■ Work request
Set down the data again exactly. Pictures are not part of the copy.

■ Data

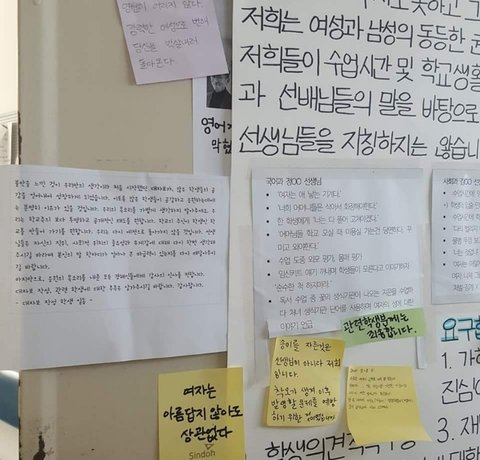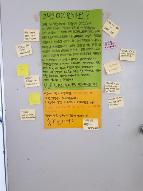 어느 선생님께서는 저 대자보를 떼려고 하시기도 했습니다. 저희의 의견을 들어달라는건데 그걸 묵살하려고 하신거죠.
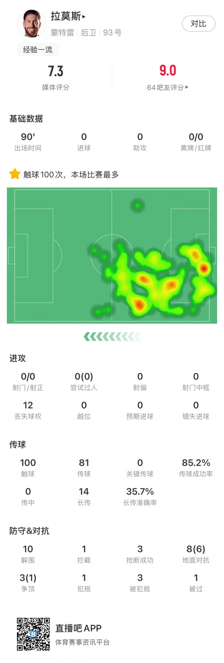 VT直播6月22日讯 世俱杯小组赛E组第2轮,蒙特雷与河床1-1战平,39岁拉莫斯本场比赛为蒙特雷首发踢满全场。赛后媒体为拉莫斯打出评分7.3分。 拉莫斯本场数据统计如下: 评分7.3分 出场时间90分钟 丢失球权12次 触球100次,传球81次,传球成功率85.2% 长传14次,长传准确率35.7% 解围10次,拦截1次 抢断成功3次 地面对抗8次,成功6次 争顶3次,成功1次 犯规1次 被犯规3次 被过1次
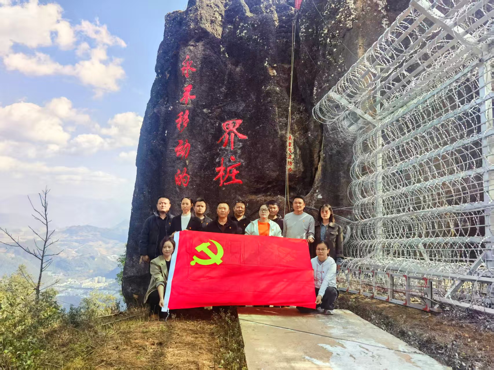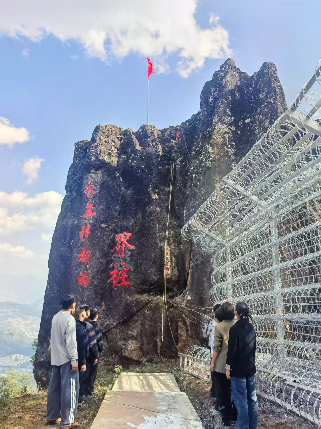 在听着边境管理员小喇叭“你已进入中国边境……”的喊声中,大家激情满满,一个也不甘落后。看到矗立在半山腰“永不移动的界桩”时,刘青峰十分激动,他说:“小时我就听说有一个高石头界桩,但我根本没有想到这么雄壮,这个天然的界桩稳稳地站在这里,就像站岗的士兵们,又像守边的英雄,它在告诉我们中华人民共和国领土不可侵犯,我一定要回去讲给我们的德昂族群众听听”。全体党员在界桩旁整齐列队、合影留念,让鲜红的党徽与庄严的界桩相映成辉,将守土戍边的坚定信念深深镌刻在心中。

■ Answer to this problem
 어느 선생님께서는 저 대자보를 떼려고 하시기도 했습니다. 저희의 의견을 들어달라는건데 그걸 묵살하려고 하신거죠.
 VT直播6月22日讯 世俱杯小组赛E组第2轮,蒙特雷与河床1-1战平,39岁拉莫斯本场比赛为蒙特雷首发踢满全场。赛后媒体为拉莫斯打出评分7.3分。 拉莫斯本场数据统计如下: 评分7.3分 出场时间90分钟 丢失球权12次 触球100次,传球81次,传球成功率85.2% 长传14次,长传准确率35.7% 解围10次,拦截1次 抢断成功3次 地面对抗8次,成功6次 争顶3次,成功1次 犯规1次 被犯规3次 被过1次
 在听着边境管理员小喇叭“你已进入中国边境……”的喊声中,大家激情满满,一个也不甘落后。看到矗立在半山腰“永不移动的界桩”时,刘青峰十分激动,他说:“小时我就听说有一个高石头界桩,但我根本没有想到这么雄壮,这个天然的界桩稳稳地站在这里,就像站岗的士兵们,又像守边的英雄,它在告诉我们中华人民共和国领土不可侵犯,我一定要回去讲给我们的德昂族群众听听”。全体党员在界桩旁整齐列队、合影留念,让鲜红的党徽与庄严的界桩相映成辉,将守土戍边的坚定信念深深镌刻在心中。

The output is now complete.